To resolve this, the same AI responsible for extraction also processes structured and semi-structured content and detects experiment types. It aligns studies even when key elements are labeled or arranged differently.

Here, ASCEND’s AI Assistant extracts and summarizes information about the experimental techniques used to study immune evasion associated with cancer. Every statement is linked to a reference.

Each entity and relationship is captured in their Knowledge Graph with properties like biomedical entity type, biomarker type, therapeutic relevance, and preclinical risk factors, and is grounded in their ontological knowledge base (OKB). These labels help highlight targets with potential to translate and flag those that may carry early-stage risk.

Beyond quick retrieval, this lets researchers prioritize targets based on the quality of underlying evidence rather than publication frequency. Queries run in real time and can be filtered by specific parameters like mutation type, tissue, or therapeutic class.

The graph also captures patterns in reagent usage and protocol design. The linkage between experimental methods and their outcomes helps highlight which setups yield consistent results and which tend to introduce variability. It makes it easy to avoid low-reproducibility approaches and wasted effort.

ASCEND can also ingest and process internal data from customers, linking it to relevant research and indexing it so scientists can search and access it alongside other findings.

Because the data are fully structured, they can also serve as input for machine learning workflows. This opens up hypothesis testing or model training while keeping a direct connection to source data. Models built on this framework are easier to interpret and can be updated as new evidence becomes available, offering more transparency than typical LLM-based systems.

ASCEND’s knowledge graph structures biological data to create a reusable, scalable resource supporting decision-making throughout the R&D pipeline.

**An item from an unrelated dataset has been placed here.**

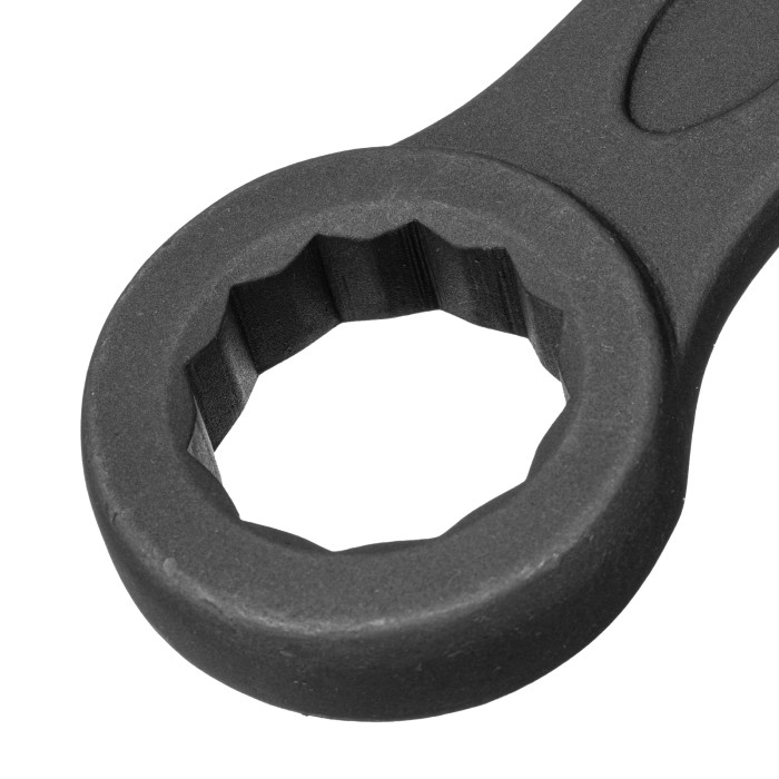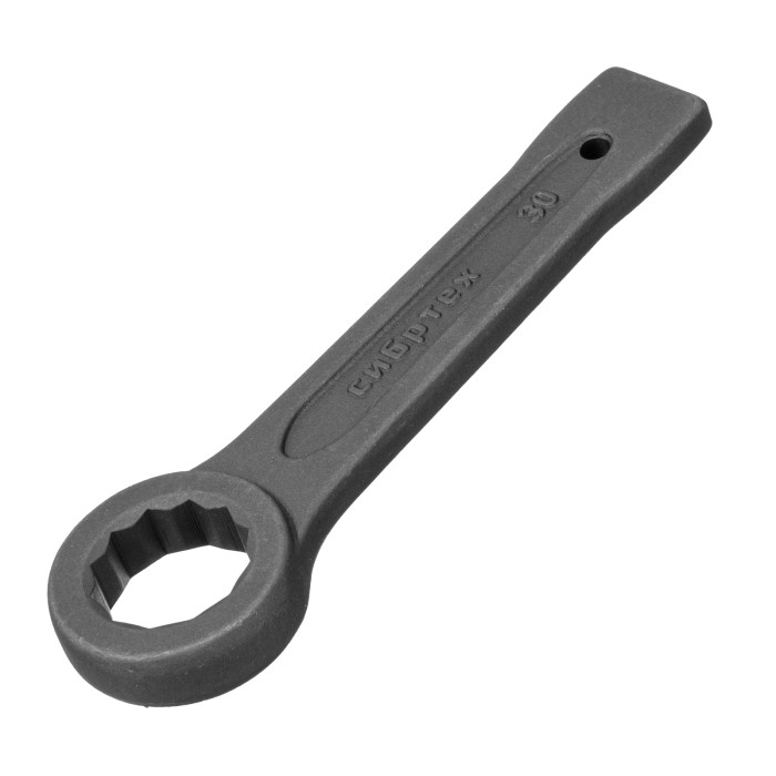 Ключ кольцевой ударный Сибртех 14273 позволяет откручивать и закручивать резьбовые соединения размером 30 мм. Благодаря 12-гранному профилю надежно удерживает головку крепежа. Удобен для работы в ограниченном пространстве — для перестановки его достаточно повернуть на 30°. Инструмент применяется в слесарных мастерских, будет полезен во время ремонта, а также для решения бытовых задач.ПреимуществаЭффективная работа с туго затянутым крепежом — одна сторона ключа утолщена и предназначена для ударных воздействий.Устойчивость к нагрузкам — инструмент изготовлен из прочной углеродистой стали 45.Долговечность — при производстве использована технология фосфатирования, обеспечивающая устойчивость к коррозии.

Today, every team in pharma builds its own view of biology—spending months duplicating searches, manually curating data, and resolving the same ambiguities in isolation. ASCEND flips that model: it externalizes biological reasoning into a shared, structured resource that compounds in value over time. Every query, every resolved entity, every curated edge becomes part of a living map that reduces redundant work, accelerates target triage, and de-risks experimental design.

To operationalize this, ASCEND lets teams curate findings into project folders, generate shareable reports, and anchor outputs directly to source data. Scientific liaisons guide teams through structured onboarding and tailored training, ensuring tools land in context. Organizations may track progress using metrics such as time-to-insight, reproducibility, and the pace of movement through R&D stages.

Here, the knowledge graph becomes more than a reasoning layer—it evolves into a launchpad for predictive capabilities and agentic workflows, enabling AI to interpret data and proactively shape scientific direction.